- _WHAT NEEDS TO BE DONE_:
Output every line below as it stands, dropping only the images.

(Data items)
------------------------------------------------
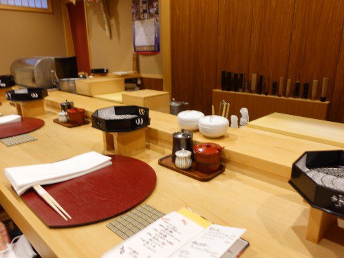 8名掛けのヒノキのカウンター席のみのこじんまりとした店内で、ディナーは18:00
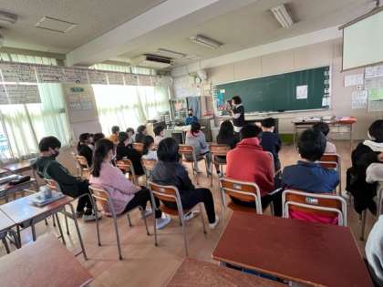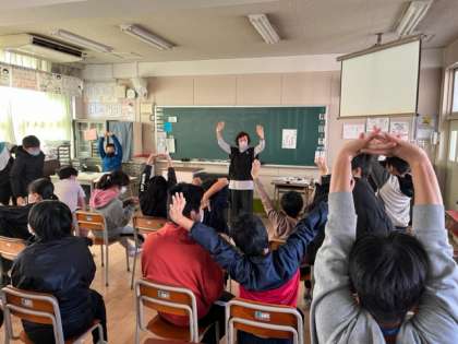 6年生を、「旅学問」などを聞きました。合間に軽く体操もしてくださいました。
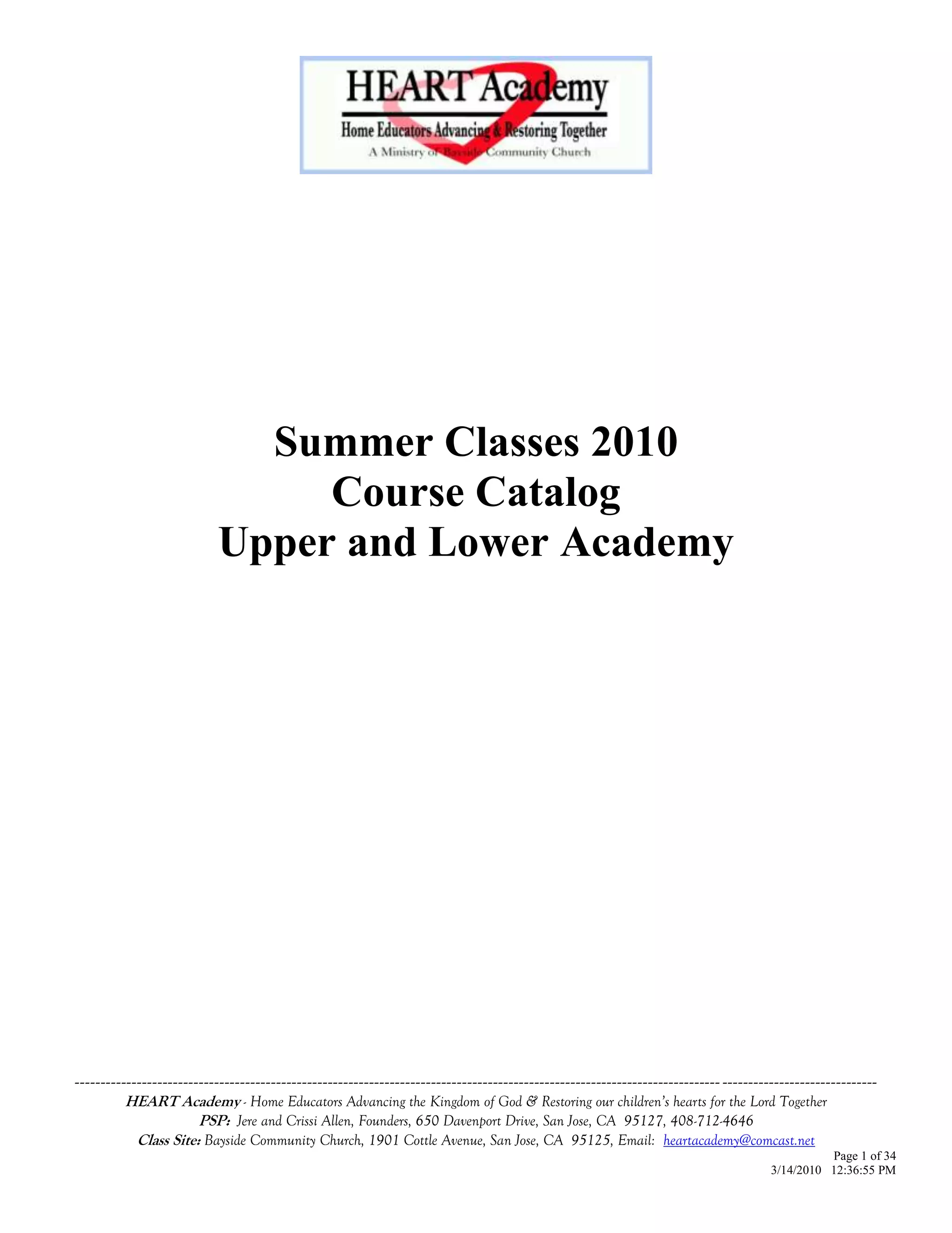The document is a course catalog for summer classes at HEART Academy. It lists over 20 classes offered on Wednesdays from 9:00-11:30 am and 12:00-2:30 pm, ranging from fitness, dance, art, language, and academic subjects. For each class, it provides the course title, mentor-teacher, dates, costs, descriptions, requirements, and contact information. The catalog shows that HEART Academy offers a variety of enrichment classes taught by experienced mentor-teachers in a Christian environment.
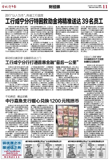 工行咸宁分行特困救助金将精准送达39名员工
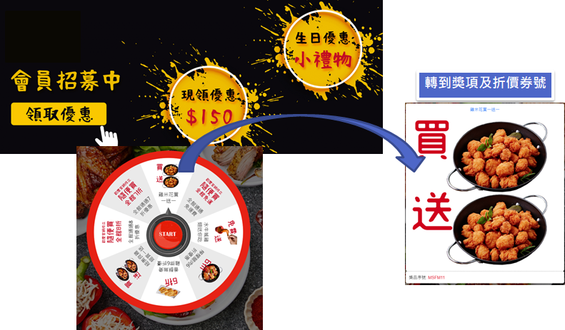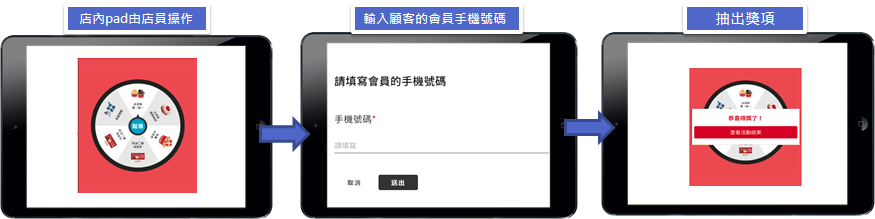 方式1: 可將活動顯示在平板電腦,由結帳櫃檯的工作人員操作,讓用平板顧客當場轉輪盤。此方式簡單但比較不嚴謹,適合送需在現場立刻核銷的獎品。
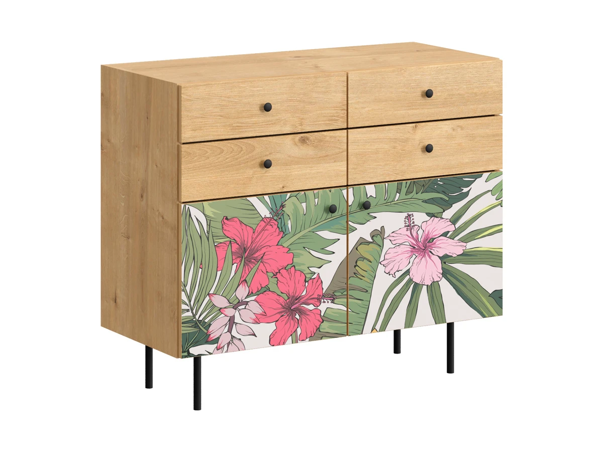 Корпусная мебель, с которой можно составить множество решений для гостиной, детской, кухни, спальни, прихожей, рабочей зоны. Комоды, шкафы, тумбы, столы, витрины, полки, серванты характеризуются универсальностью, многозадачностью, надёжными устойчивыми конструкциями. Имеют выразительный внешний вид, вдохновленный направлением ретро. Смотрятся легко и воздушно за счет деревянных ножек, минимального количества декоративных элементов, спокойных природных оттенков. Их можно использовать в качестве систем хранения, элементов для зонирования, фокусных точек. В дизайне ярко выражена доминанта прямых форм, графичности, лаконичных линий и элегантного исполнения. Что даёт пространству ощущение размеренности, сбалансированности, упорядоченности. Подходят интерьерам как с нейтральной базой, так и локациям с интенсивными цветовыми блоками. Индивидуальности добавят модели с оригинальными паттернами на фасадах. Предметы коллекции Frida гармонично впишутся в эклектичные и стилизованные интерьеры. Ручки входят в стоимость изделия. Высота опор 160 мм. Изображение, нанесенное на фасады, устойчиво к выцветанию, истиранию и влаге. Однако длительное воздействие воды, различных растворителей, спиртосодержащих жидкостей и высоких температур, увеличивают риск повреждения целостности покрытия. Поэтому при использовании необходимо соблюдать ряд правил: 1. Протирайте поверхность с рисунком влажной (но не мокрой) тканью. 2. Используйте мягкие ткани, например, салфетки для стекла или зеркал. 3. Не используйте для обработки поверхности с нанесенным на нее рисунком чистящие порошки и средства, в состав которых входят ацетон, растворитель или спирт. 4. Не используйте металлические губки и щетки с жесткой щетиной. 5. Избегайте ударов, падения, царапания, трения изделий с фотопечатью.
------------------------------------------------
- _RESPONSE_:
 8名掛けのヒノキのカウンター席のみのこじんまりとした店内で、ディナーは18:00
 6年生を、「旅学問」などを聞きました。合間に軽く体操もしてくださいました。
The document is a course catalog for summer classes at HEART Academy. It lists over 20 classes offered on Wednesdays from 9:00-11:30 am and 12:00-2:30 pm, ranging from fitness, dance, art, language, and academic subjects. For each class, it provides the course title, mentor-teacher, dates, costs, descriptions, requirements, and contact information. The catalog shows that HEART Academy offers a variety of enrichment classes taught by experienced mentor-teachers in a Christian environment.
 工行咸宁分行特困救助金将精准送达39名员工
 方式1: 可將活動顯示在平板電腦,由結帳櫃檯的工作人員操作,讓用平板顧客當場轉輪盤。此方式簡單但比較不嚴謹,適合送需在現場立刻核銷的獎品。
 Корпусная мебель, с которой можно составить множество решений для гостиной, детской, кухни, спальни, прихожей, рабочей зоны. Комоды, шкафы, тумбы, столы, витрины, полки, серванты характеризуются универсальностью, многозадачностью, надёжными устойчивыми конструкциями. Имеют выразительный внешний вид, вдохновленный направлением ретро. Смотрятся легко и воздушно за счет деревянных ножек, минимального количества декоративных элементов, спокойных природных оттенков. Их можно использовать в качестве систем хранения, элементов для зонирования, фокусных точек. В дизайне ярко выражена доминанта прямых форм, графичности, лаконичных линий и элегантного исполнения. Что даёт пространству ощущение размеренности, сбалансированности, упорядоченности. Подходят интерьерам как с нейтральной базой, так и локациям с интенсивными цветовыми блоками. Индивидуальности добавят модели с оригинальными паттернами на фасадах. Предметы коллекции Frida гармонично впишутся в эклектичные и стилизованные интерьеры. Ручки входят в стоимость изделия. Высота опор 160 мм. Изображение, нанесенное на фасады, устойчиво к выцветанию, истиранию и влаге. Однако длительное воздействие воды, различных растворителей, спиртосодержащих жидкостей и высоких температур, увеличивают риск повреждения целостности покрытия. Поэтому при использовании необходимо соблюдать ряд правил: 1. Протирайте поверхность с рисунком влажной (но не мокрой) тканью. 2. Используйте мягкие ткани, например, салфетки для стекла или зеркал. 3. Не используйте для обработки поверхности с нанесенным на нее рисунком чистящие порошки и средства, в состав которых входят ацетон, растворитель или спирт. 4. Не используйте металлические губки и щетки с жесткой щетиной. 5. Избегайте ударов, падения, царапания, трения изделий с фотопечатью.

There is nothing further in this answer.